Tuesday, January 14, 2025

Police attack anti-fascist protest in Germany

Around 12,000 anti-fascists protested the far right AfD's election conference, but police violently suppressed the demonstration


Protesters in Riesa, Germany, outside the AfD conference (Photo: X/@m_lyki)

By Yuri Prasad
Monday 13 January 2025
SOCIALIST WORKER  Issue 2938

Some 12,000 anti-fascist protesters last weekend fought running battles with police in the German town of Riesa, where the far right AfD party was holding a conference.

Demonstrators were determined to stop the racist delegates from gathering, but the police used dogs, truncheons and pepper spray to ensure they did.

Protest organiser Maria Schmidt, said, “Today we are protecting the right of people to live in safety without the fear of deportation or being attacked.

“We are all making it clear—Riesa is not a peaceful place for fascism,” she said. But the police response to marchers was vicious.
Cops beat Die Linke party regional councillor Nam Duy Nguyen unconscious. An officer also hit his companion in the face.

In a bid to allow the racist rally to go ahead, police also set dogs on activists and threatened them with a water cannon.

Inside the convention centre, some 600 racists selected AfD leader Alice Weidel to be the party’s candidate for chancellor in next month’s general election.

Weidel, who says that Tory Margaret Thatcher is her idol, has the backing of billionaire bigot Elon Musk.

A relative moderate in the AfD, Weidel is being used by the party’s fascist wing as a figleaf. While she wants to make alliances with the mainstream right, they want to forge a much more hardline force. Nevertheless, Weidel is doing her bit for the fascists too.

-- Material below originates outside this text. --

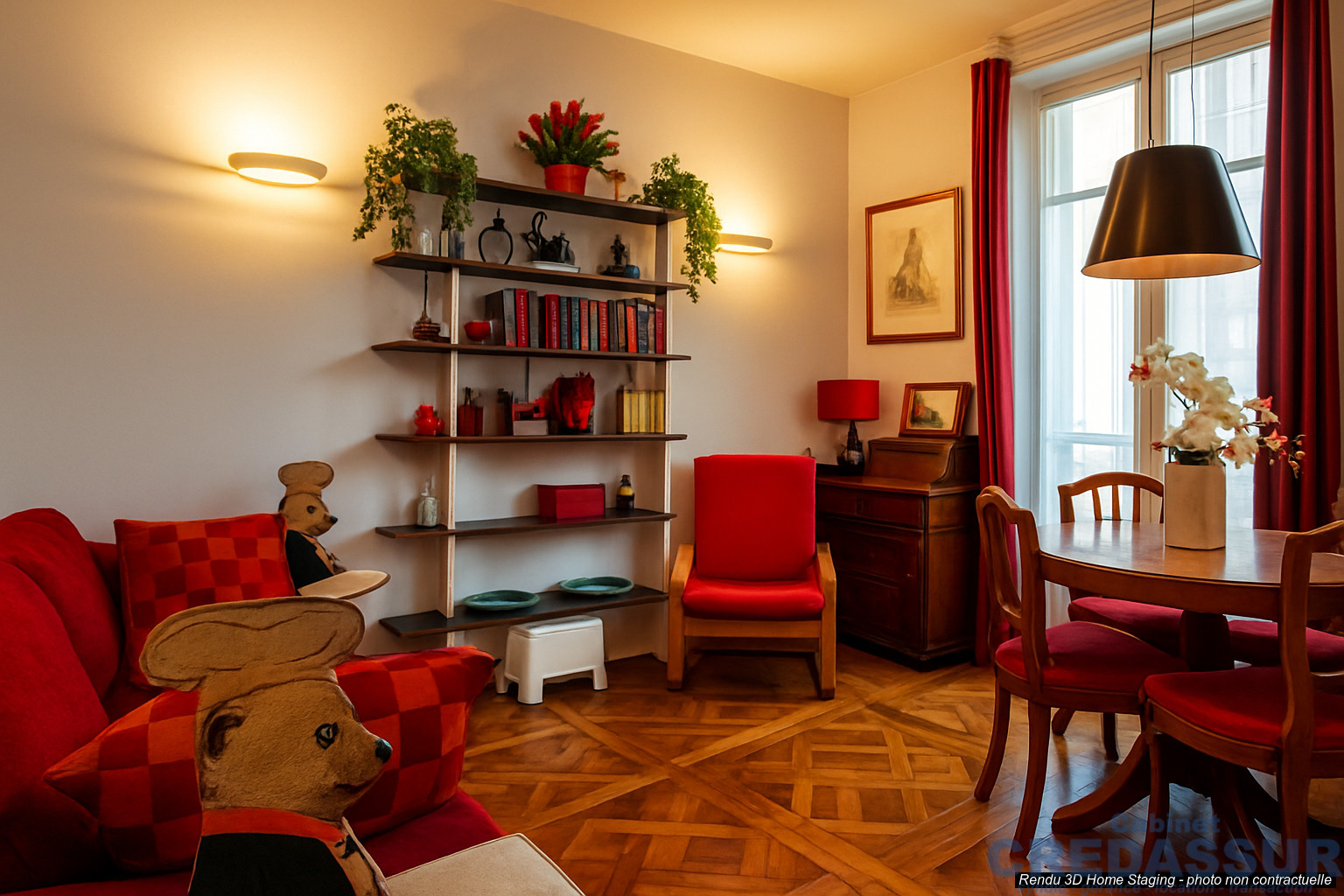 Ce charmant appartement avec près de 3m de hauteur sous plafond est situé en rez-de-chaussée et se compose d'une entrée, d'un séjour avec un magnifique parquet Versailles, d'une cuisine entièrement équipée semi-ouverte sur le séjour, d'une chambre avec placard dressing et d'une salle de douches avec wc. Très grande cave en sous-sol.

She admitted recently that she is “slowly giving up her initial criticism” of figures including Bjoern Hoecke. In 2021, AfD regional leader Hoecke concluded a speech by proclaiming “Alles for Deutschland”—All for Germany—a phrase used by Hitler’s Nazis in the 1930s.

The AfD is currently polling at around 20 percent of the vote, with the mainstream Tory CDU/CSU party on 32 percent. The Labour-like SPD is on 16 percent, while the far left is marginal.

Only a bigger, more sustained anti-racist movement can stop the right’s advance.